_Supplied data_.
......

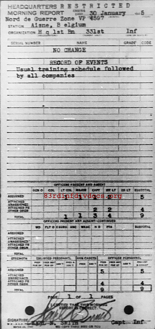 Morning report HQ1BN/331 for January 30, 1945
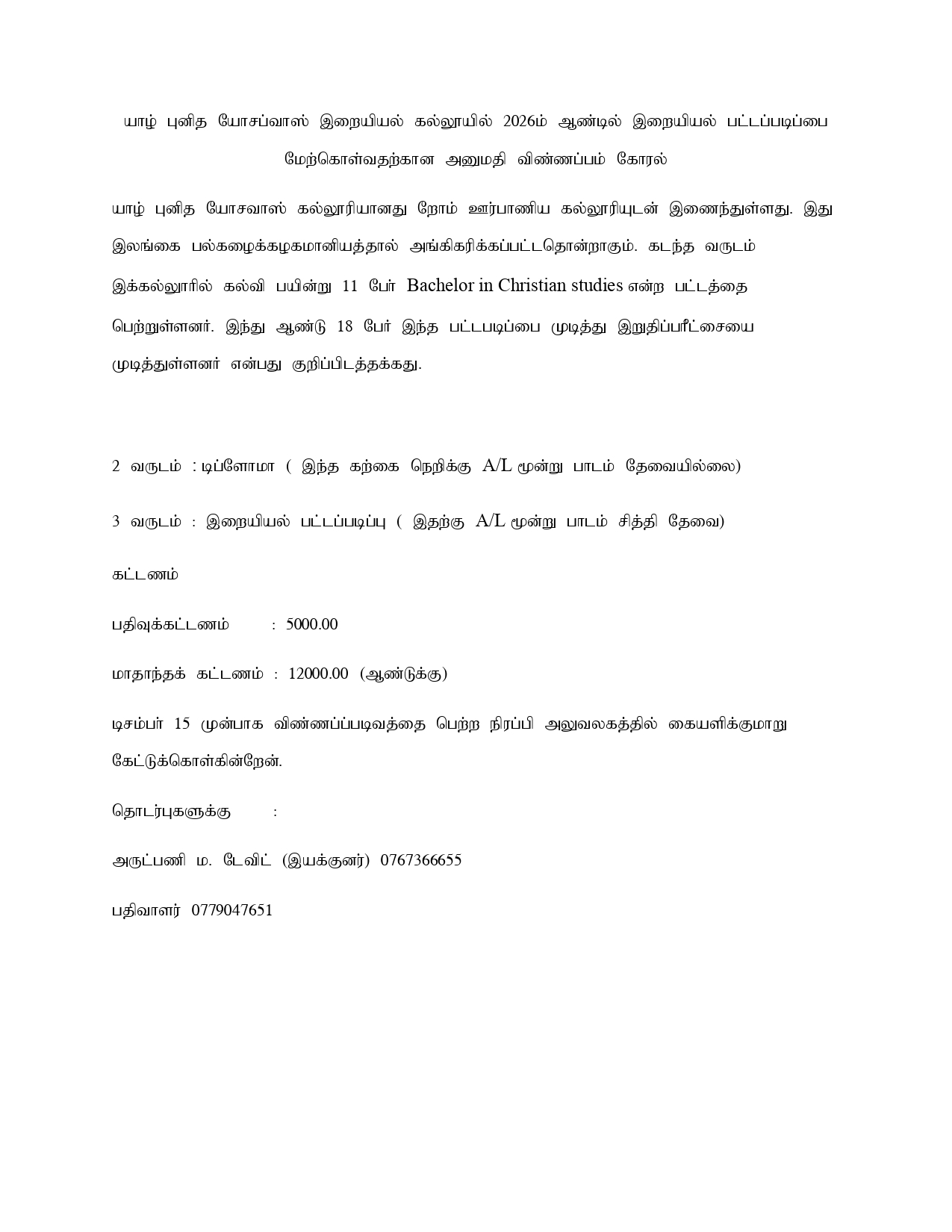 யாழ். மறைமாவட்ட அகவொளி குடும்பநல நிலையத்தால் நடாத்தப்படும் உள ஆற்றுப்படுத்தல் டிப்ளோமா மற்றும் இறையியல் பட்டப்படிப்புக்கான புதிய விண்ணப்பங்கள் கோரப்பட்டுள்ளன.
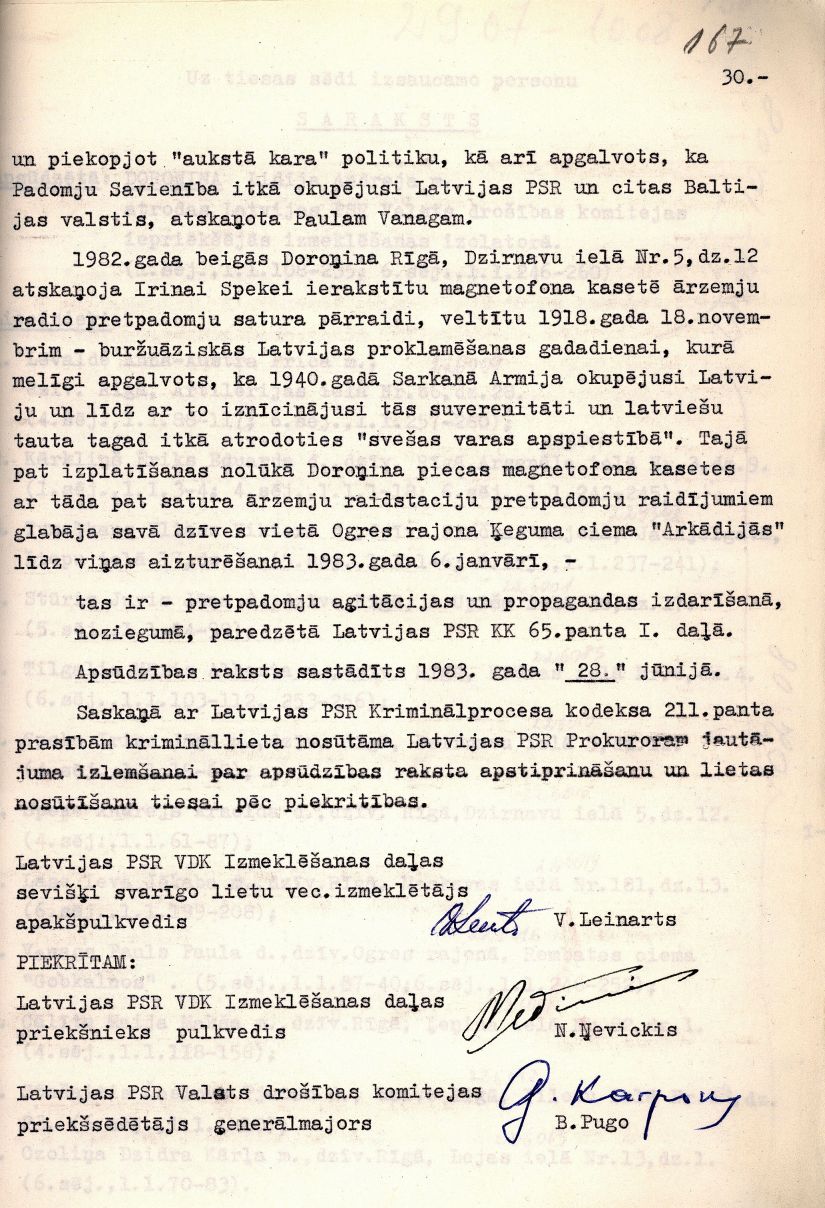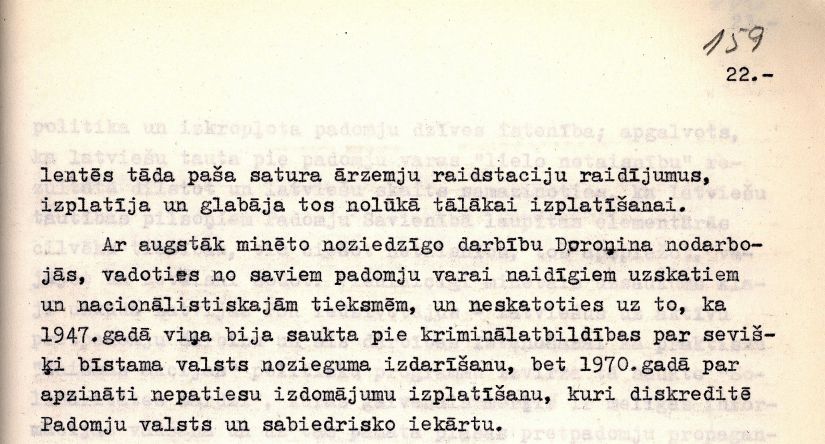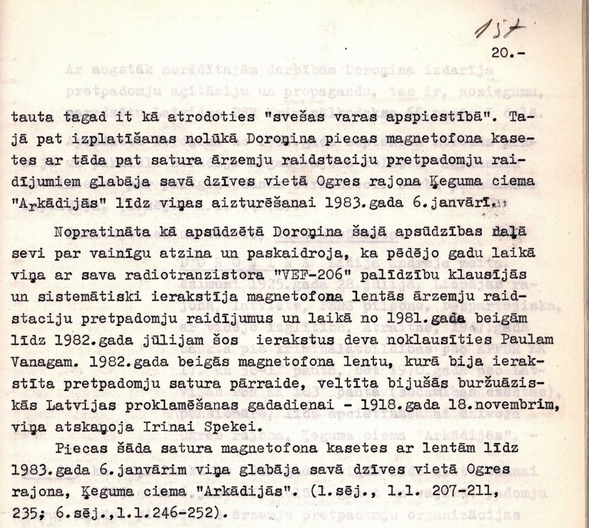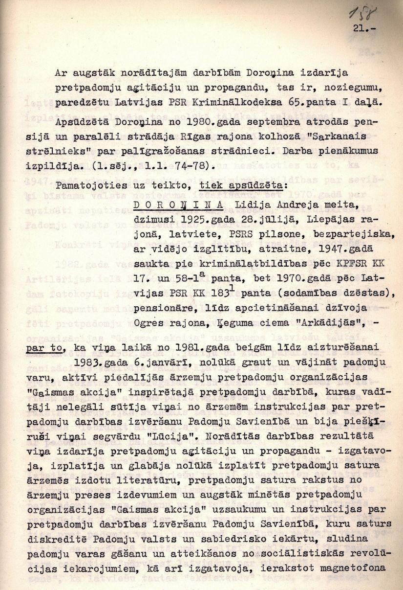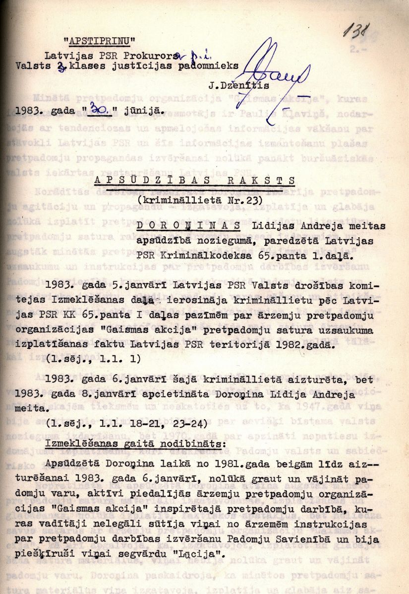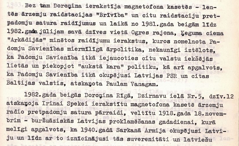 Izvilkumi no Lidijas Doroņinas-Lasmanes apsūdzības raksta, kura apsūdzēta un tiesāta par dalību ārzemju pretpadomju organizācijā "Gaismas akcija", kā arī par ārzemju raidstaciju raidījumu ierakstīšanu magnetafona kasetēs, glabāšanu tālākai izplatīšanai un izplatīšanu. 1983. gada 30. jūnijs.

......

The finished copy should match the data above word for word and contain no pictures.

_Task result_.
 Morning report HQ1BN/331 for January 30, 1945
 யாழ். மறைமாவட்ட அகவொளி குடும்பநல நிலையத்தால் நடாத்தப்படும் உள ஆற்றுப்படுத்தல் டிப்ளோமா மற்றும் இறையியல் பட்டப்படிப்புக்கான புதிய விண்ணப்பங்கள் கோரப்பட்டுள்ளன.
 Izvilkumi no Lidijas Doroņinas-Lasmanes apsūdzības raksta, kura apsūdzēta un tiesāta par dalību ārzemju pretpadomju organizācijā "Gaismas akcija", kā arī par ārzemju raidstaciju raidījumu ierakstīšanu magnetafona kasetēs, glabāšanu tālākai izplatīšanai un izplatīšanu. 1983. gada 30. jūnijs.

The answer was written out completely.